▶ PROBLEM TO WORK ON
From the listing below, please restate exactly the lines beginning at the one with "Para além da" and ending at the one with "Flexhub Offices in", both included, and skip the pictures.

▶ INPUT DATA
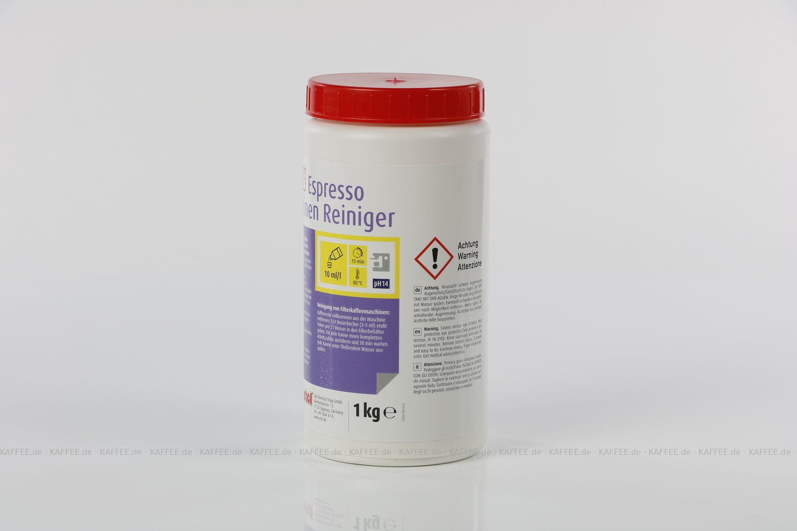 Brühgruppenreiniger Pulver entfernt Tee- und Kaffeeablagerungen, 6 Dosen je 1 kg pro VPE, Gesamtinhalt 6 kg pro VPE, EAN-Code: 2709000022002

...

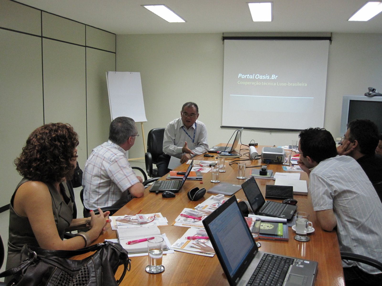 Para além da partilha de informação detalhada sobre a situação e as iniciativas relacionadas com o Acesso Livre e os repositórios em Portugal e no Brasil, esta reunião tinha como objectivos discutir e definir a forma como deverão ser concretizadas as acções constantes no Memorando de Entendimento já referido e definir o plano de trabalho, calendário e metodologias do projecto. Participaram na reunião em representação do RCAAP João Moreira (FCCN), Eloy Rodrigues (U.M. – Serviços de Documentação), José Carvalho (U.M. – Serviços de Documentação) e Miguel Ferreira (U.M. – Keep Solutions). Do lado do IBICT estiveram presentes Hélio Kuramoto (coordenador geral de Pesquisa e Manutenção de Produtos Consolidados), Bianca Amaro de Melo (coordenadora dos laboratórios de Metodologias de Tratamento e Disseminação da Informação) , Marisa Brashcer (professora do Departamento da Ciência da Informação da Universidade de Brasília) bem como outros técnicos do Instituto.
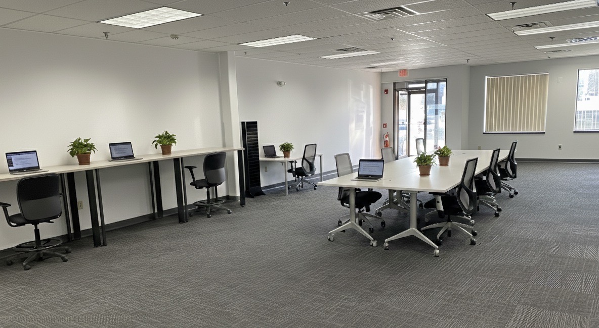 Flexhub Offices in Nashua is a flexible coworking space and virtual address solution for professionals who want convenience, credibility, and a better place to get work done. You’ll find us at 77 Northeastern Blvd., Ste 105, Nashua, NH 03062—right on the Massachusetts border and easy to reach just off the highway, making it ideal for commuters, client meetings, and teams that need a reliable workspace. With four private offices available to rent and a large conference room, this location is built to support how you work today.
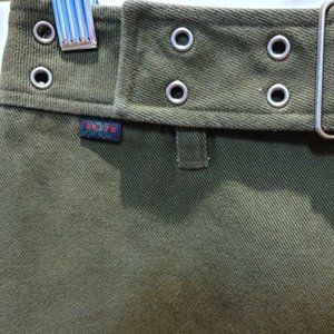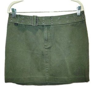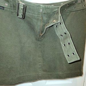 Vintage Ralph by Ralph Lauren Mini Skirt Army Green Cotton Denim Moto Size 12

---

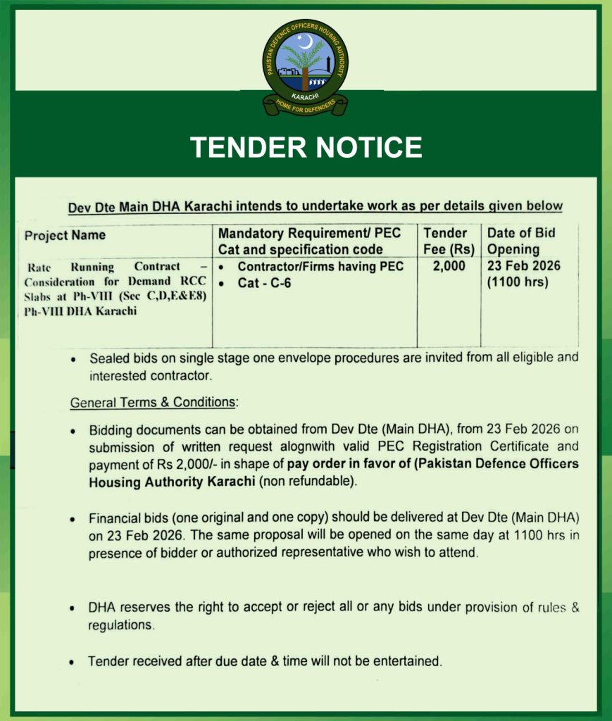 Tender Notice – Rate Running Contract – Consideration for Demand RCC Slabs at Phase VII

▶ TASK ANSWER
 Para além da partilha de informação detalhada sobre a situação e as iniciativas relacionadas com o Acesso Livre e os repositórios em Portugal e no Brasil, esta reunião tinha como objectivos discutir e definir a forma como deverão ser concretizadas as acções constantes no Memorando de Entendimento já referido e definir o plano de trabalho, calendário e metodologias do projecto. Participaram na reunião em representação do RCAAP João Moreira (FCCN), Eloy Rodrigues (U.M. – Serviços de Documentação), José Carvalho (U.M. – Serviços de Documentação) e Miguel Ferreira (U.M. – Keep Solutions). Do lado do IBICT estiveram presentes Hélio Kuramoto (coordenador geral de Pesquisa e Manutenção de Produtos Consolidados), Bianca Amaro de Melo (coordenadora dos laboratórios de Metodologias de Tratamento e Disseminação da Informação) , Marisa Brashcer (professora do Departamento da Ciência da Informação da Universidade de Brasília) bem como outros técnicos do Instituto.
 Flexhub Offices in Nashua is a flexible coworking space and virtual address solution for professionals who want convenience, credibility, and a better place to get work done. You’ll find us at 77 Northeastern Blvd., Ste 105, Nashua, NH 03062—right on the Massachusetts border and easy to reach just off the highway, making it ideal for commuters, client meetings, and teams that need a reliable workspace. With four private offices available to rent and a large conference room, this location is built to support how you work today.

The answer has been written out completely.